The sex is hot and raunchy. Just think of long shapely legs in silk stockings wrapped round a trim male waist and firm buttocks. Think of a wail of desire and a woman’s fingers entwined in a man’s curly hair while her lips seek out his and their tongues lap together like waves on a seashore.
Think of his magnificent organ, sliding inwards and upwards in a sauce of feminine arousal, and of his proud, upstanding soldiers, each one ready, willing and able to hit the spot and do the honours on behalf of his battalion. Crikey, I’m confused now. Do I describe the female orgasm or hand out the Victoria Cross? Oh well. It’s much the same thing, you know…!
Oliver the gamekeeper has feelings, apparently. He’s angry at the thought of Constance’s using him to conceive a child, but it must be obvious to everyone at Chatterley that Connie doesn’t give a fig for her injured husband and is head-over-heels in love with the gamekeeper. Utterly besotted doesn’t even cover it.
After all, it’s Oliver she dances naked in the rain with, Oliver to whom she gravitates every minute of the day. And, when she realises she’s pregnant with Oliver’s child, it’s not Clifford (the Big Red Dog???) with whom she’s planning on settling down and playing House. But what’s Stuffed Shirt Clifford going to have to say about all this…? Constance is still his Awfully Wedded Wife, after all, isn’t she…?
Not a whole lot happens in this film except for gorgeous scenery and inter-class sex, is that what you’d call it? The housekeeper, Mrs. Bolton, is played by Joely Richardson who, of course, played Lady Chatterley in the 1993 BBC TV serial version, with Sean Bean as her lover.
Finally, there’s a lot of sex in the fillum as I may have mentioned, but it’s not a very sexy film at the same time. Not a lot of chemistry between the two leads, you see, and no scenes at all where the viewer would be positively transported with passion out of their own circumstances and into the lovers’. It’s a very ploddy, ‘meh’ sort of film.
Here’s a short wee sketch I wrote myself that might have livened the film up a bit.
Characters: Constance is the wife; Clifford the husband; and Oliver the lover.
Constance: Right, well, I’m off then, Clifford. I’m leaving you for Oliver, remember?
Clifford: Bugger. Was that today? I was sure it wasn’t until next week.
Constance: Clifford, you’re fucking hopeless, you know that?
Clifford: Well, at least I’m not the laughing stock of Chatterley like you, doing it with that gardener fellow every time my back is turned.

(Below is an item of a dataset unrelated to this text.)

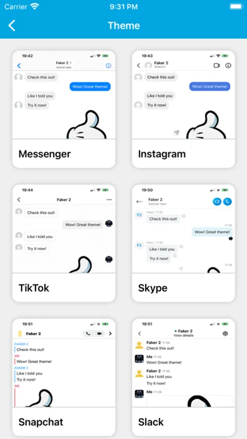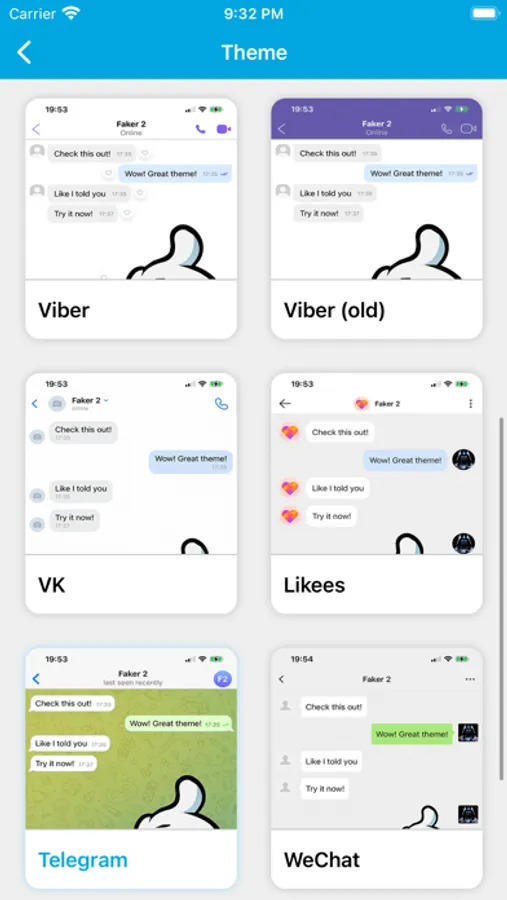 Buy awesome additional themes in order to simulate your favourite messenger:

Constance: Clifford, your back is always turned, silly! It happened at the Battle of the Somme, don’t you remember? The doctors couldn’t turn you back around the right way again, remember?
Clifford: Thanks for reminding me, bitch. So, anyway, how do you and your gardener fellow propose to live without my millions?
Constance: We shall live deliciously, my gardener and I, feasting on fresh air and sunshine and poetry and art and Oliver’s massive knob.
Clifford, savagely disappointed: And to think I spent all that time trying to teach you that money is the only thing worth living for. I’m ashamed of you, Constance.
Constance: Oh, fuck off, Clifford, you old dullard. Here’s Oliver now, anyway. Now you’ll really see something. Oliver, honey, over here!
The couple start fucking, much to Clifford’s utter disgust. A crowd gathers round to praise Oliver’s exceptional swordsmanship.
Constance, moaning in mid-coitus: Lend us twenty quid, would you, Clifford? I’m a bit stoney, and you only pay Oliver once a year. It takes forever to come round.
Clifford: Give me one good reason why I should give you a brass farthing, woman?
Constance: Well, seriously, Clifford, old chap, you’re sucking Oliver’s cock right now. He’s not a bloody object, you know. A sex-thing on sale to the highest bidder. He’s very sensitive on the subject of being used for sex, as it goes.
Clifford: Ah balls. He reaches mournfully for his wallet and does the necessary.
Oliver grins broadly, carries on sucking and waves to the camera.